Thursday, October 18, 2007

Medical Examiner caught in the crossfire

A raging battle over whether to build a pricey public safety complex at Highways 45 and 50 in Bristol has caught the Kenosha County Medical Examiner, Dr. Mary Mainland, in the crossfire.

Dr. Mainland isn't a politician. She's a forensic pathologist. But her office has outgrown the old Brookside facilities on Washington Road and needs a new home.

The county's idea was to put it in a new public safety complex proposed to be build near the Kenosha County Center building at Highways 45 and 50. The new facility would also house a sheriff's substation and a new communications center to be moved from the Public Safety Building in downtown Kenosha.

The multimillion project has its share of detractors -- myself included -- who ponder not only the cost but the wisdom of moving the dispatch center from downtown.

You'll recall that the whole concept behind the Public Safety Building was to consolidate facilities and have support services working alongside the Kenosha Police Department and Kenosha County Sheriff's Department. Moving the dispatch center out of downtown frustrates the very reason why the Public Safety Building was built. It's an utterly stupid and indefensible idea which should never see the light of day.

That said, it doesn't mean that the sheriff doesn't need a western county substation nor should it deprive the medical examiner of much needed space and facilities.

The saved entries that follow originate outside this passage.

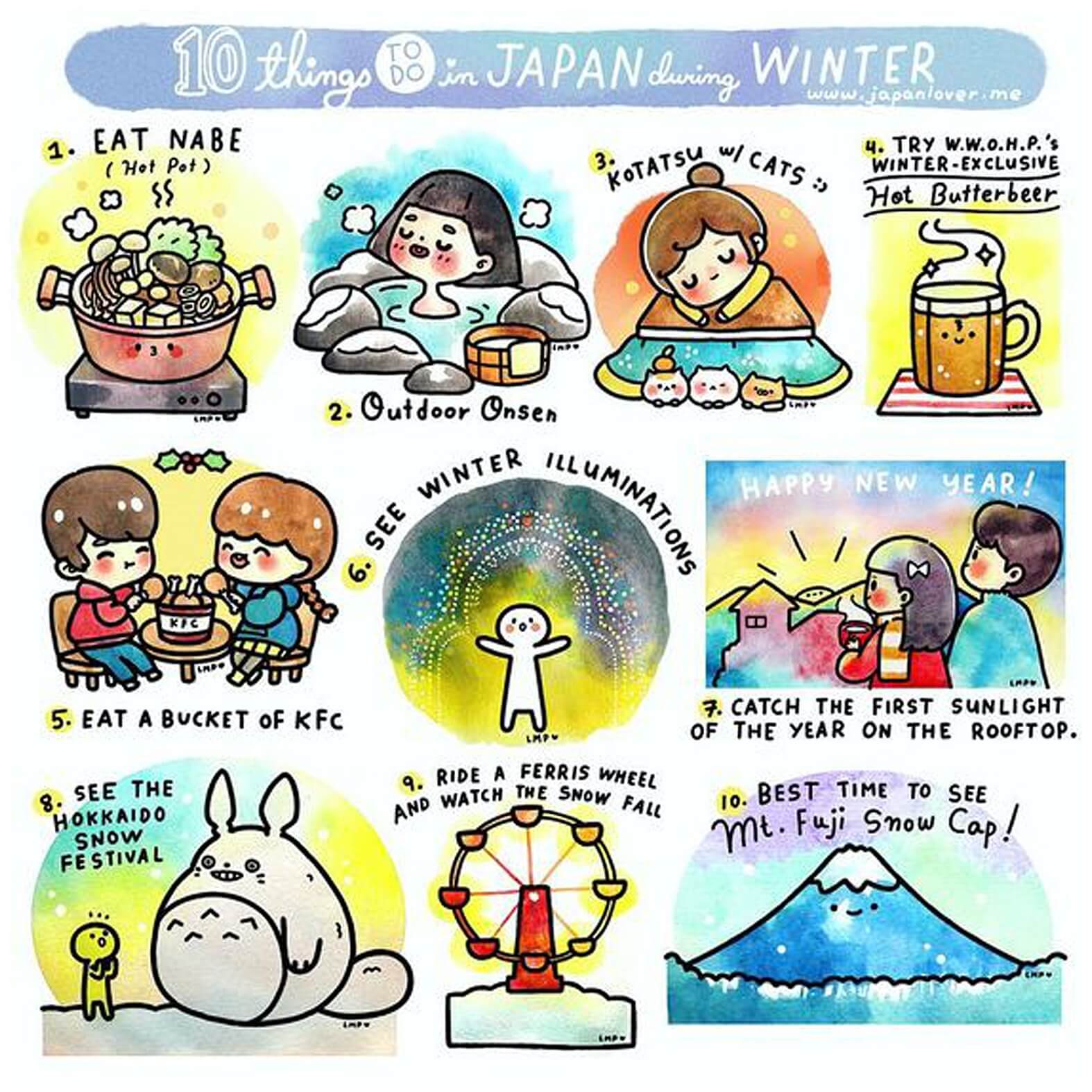 חורף – חל בחודשים נובמבר עד אמצע מרץ. העונה האידאלית לביקור ביפן עבור חובבי הסקי והאונסנים {מרחצאות יפניים מסורתיים}.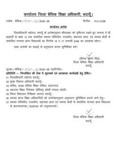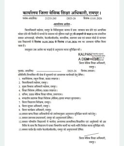 - बदायूं: जनपद में प्री प्राइमरी से कक्षा 12वीं तक संचालित समस्त परिषदीय, राजकीय, सहायता प्राप्त एवं समस्त बोर्डों से संचालित मान्यता प्राप्त स्कूलों में 17 जनवरी 2026 तक अवकाश घोषित किया गया है।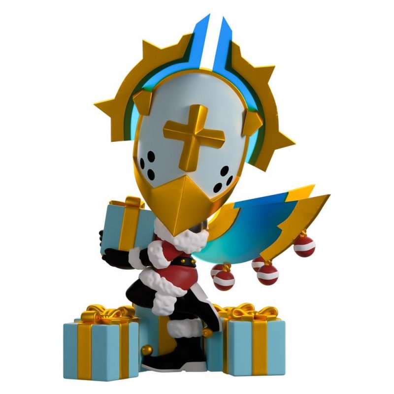 "I've only known the taste of Eggnog"Gabriel has graced Youtooz with his presents! Get it... Presents! Standing at 5.1 inches tall in front of a pile of gifts with a raised left leg and holding a blue present to his chest, a pale helmet covers his head with three holes on either side and a gold cross at the center, which matches the pointed chin and band running around its back. Making sure to bring all the cheer, he's dressed in a red Santa outfit with fluffy white hems, along with black pants and boots, as red and white baubles hang from the blue and gold wings stretching out from the back. The exterior of his packaging sees him bursting through the top of a present, while the interior is filled with dazzling gold rays of light. The protective sleeve is then covered with a fleshy red membrane and festive ornaments, as his figure can be seen through the large, clear window at the packaging's front. This collectible ships in a matte, embossed, protective outer sleeve and a custom-sized plastic protector for maximum protection during shipping.About Ultrakill:Ultrakill is a first-person shooter game developed by Arsi "Hakita" Patala and published by New Blood Interactive. With retro graphics and an array of wild weapons and robotic arms, its fast-paced gameplay plunges players into an interpretation of the layers of Hell as they fight demons, angels and competing machines!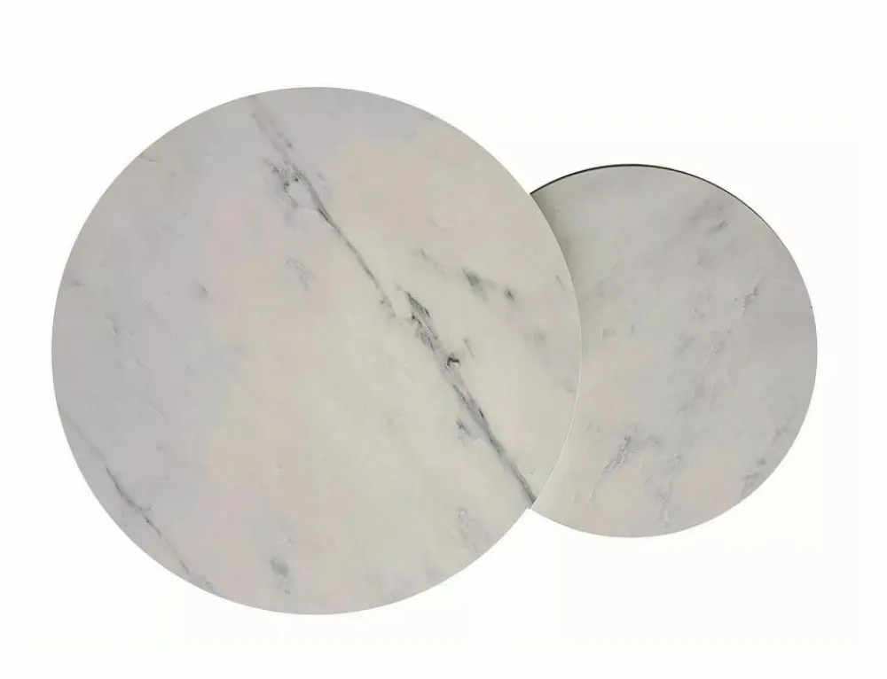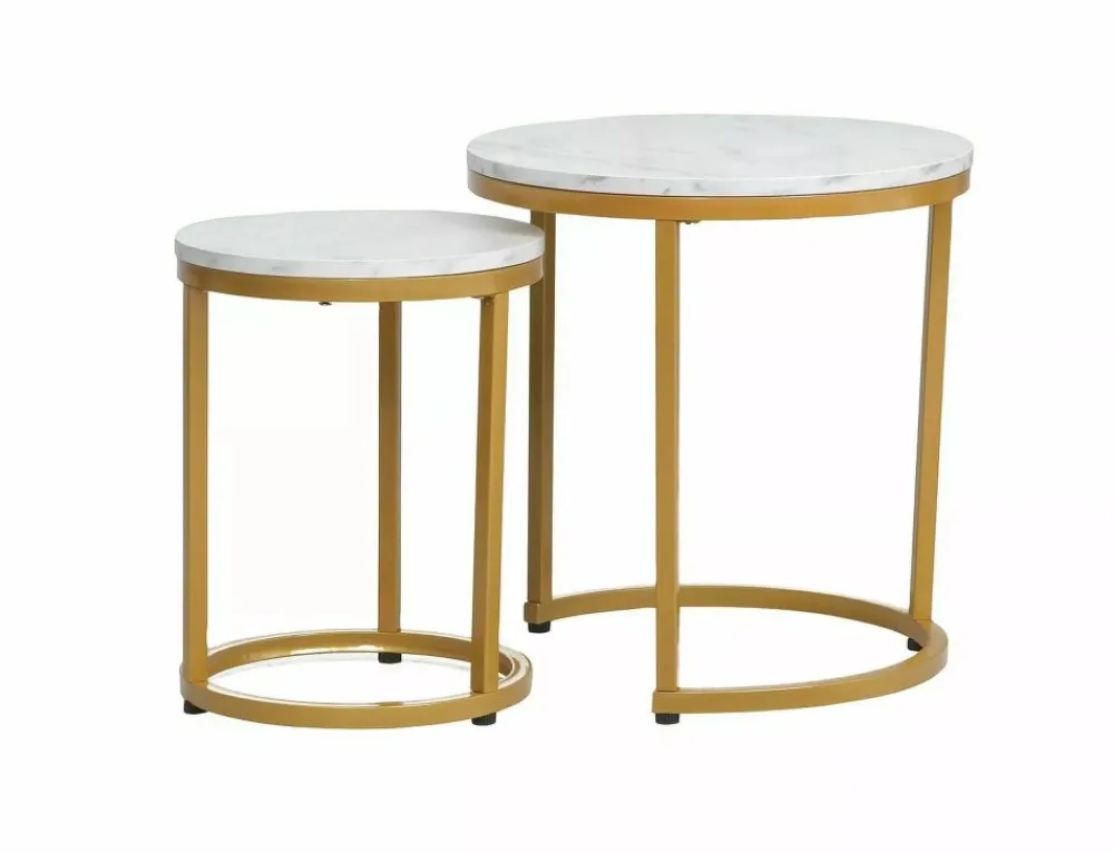 Zestaw ław, blat: płyta laminowana, stelaż: metal, kolor: biały, efekt marmuru / złoty. Wymiary mniejszego stolika: średnica 32; wysokość: 42cm.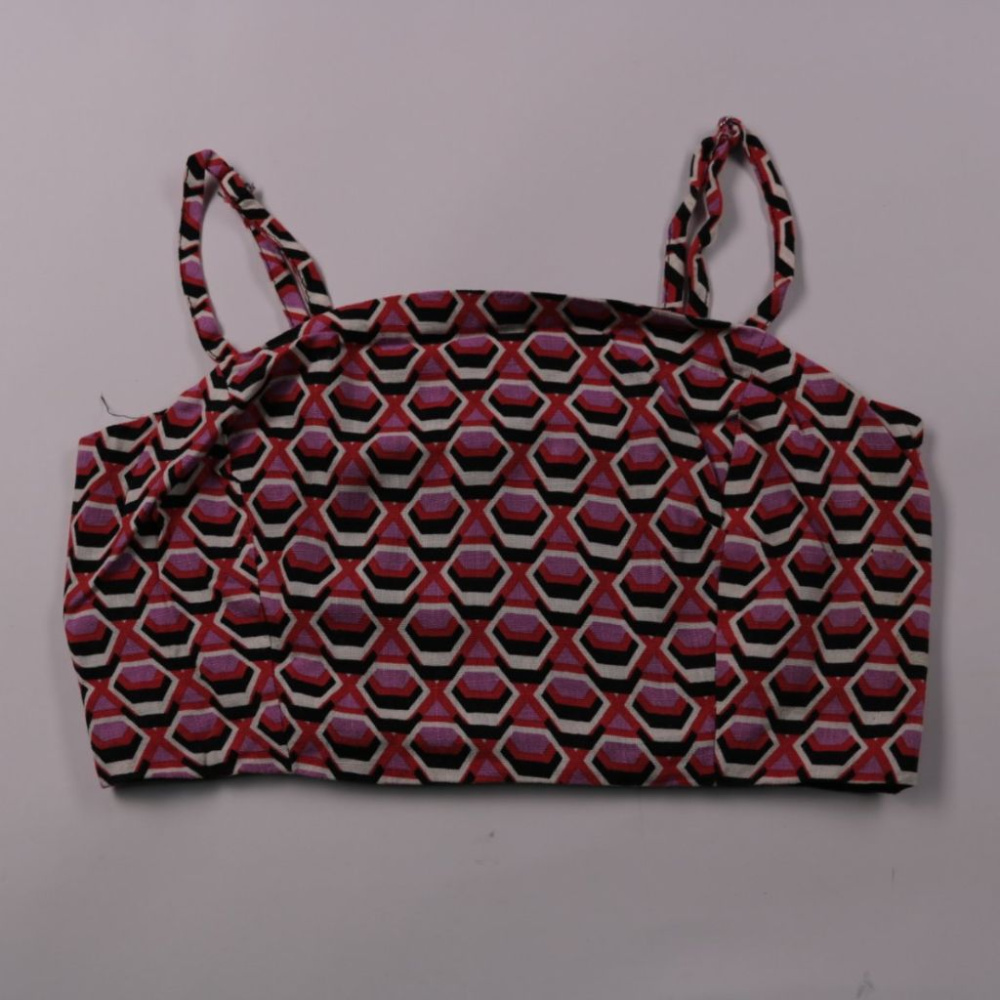 Топ-бра Stradivarius на тонких бретелях с геометрическим принтом в красно-розовых тонах. Подойдёт для лета, отпуска и повседневных образов, можно носить как бельевой топ или как верх. Эластичная спинка хорошо садится по фигуре и не сковывает движения.

In the case of the sheriff's department, there already is unused space in the Kenosha County Center. However, no elevator was ever installed when the building was built, another utterly stupid and indefensible move which means the facility isn't completely usable. It shouldn't cost all that much to put in an elevator and do some remodeling.

A better idea, however, would be to cut a deal with the Village of Twin Lakes which has a new police station in a building that was designed for ready expansion. Working with Twin Lakes to expand that facility for joint use is a smart idea that's long overdue.

The Twin Lakes facility has its own dispatch facility already staffed around the clock so there would be someone available to greet the public 24/7. Plus, that building truly is in the western part of the county which can't be said for the Kenosha County Center. And it would probably cost a lot less to negotiate with the village to add space for the sheriff's west end patrols.

This, of course, doesn't address the needs of the medical examiner.

The medical examiner's office has an acute need not only for more space but a facility that's up to professional standards. Since the medical examiner works closely with prosecutors and the courts, it only makes sense not to move the office to Bristol when the people she and her staff work with are downtown.

But the space issue is only part of the story because apparently there are some malcontents on the county board who are floating another incredibly stupid and utterly indefensible idea: eliminate the medical examiner, period. Their fuzzy logic is that if you cut out the medical examiner, there won't be any need for new facilities and thus the county saves money.

Wrong.

Kenosha County switched from an elected coroner to an appointed medical examiner in order to professionalize forensic investigations. This progressive move has worked well for the past two decades and continues to make sense.

If the medical examiner was eliminated, the county would go back to having an elected coroner who may or may not be experienced in death investigations. The coroner would still have to have a staff, just as the medical examiner does, plus there would be a need to hire forensic pathologists elsewhere to perform autopsies, testify in court, consult with law enforcement, etc. How this would benefit the people of Kenosha County is completely befuddling. Only a moron suffering from terminal rectal-cranial inversion or an incurable political sleazeball could find merit in this.

It's unfortunate and downright wrong that the medical examiner -- who's supposed to be a professional removed from politics -- is caught in this crossfire. The county board needs to hear this message loud, clear and immediately.

Yes, reasonable minds can disagree on how best to provide enhanced law enforcement in western Kenosha County or where the medical examiner's new facility should be located, but nobody in their right mind can argue that going back to a system we eliminated two decades ago is in the best interests of the county. The county board must stop playing politics with the medical examiner's office, period.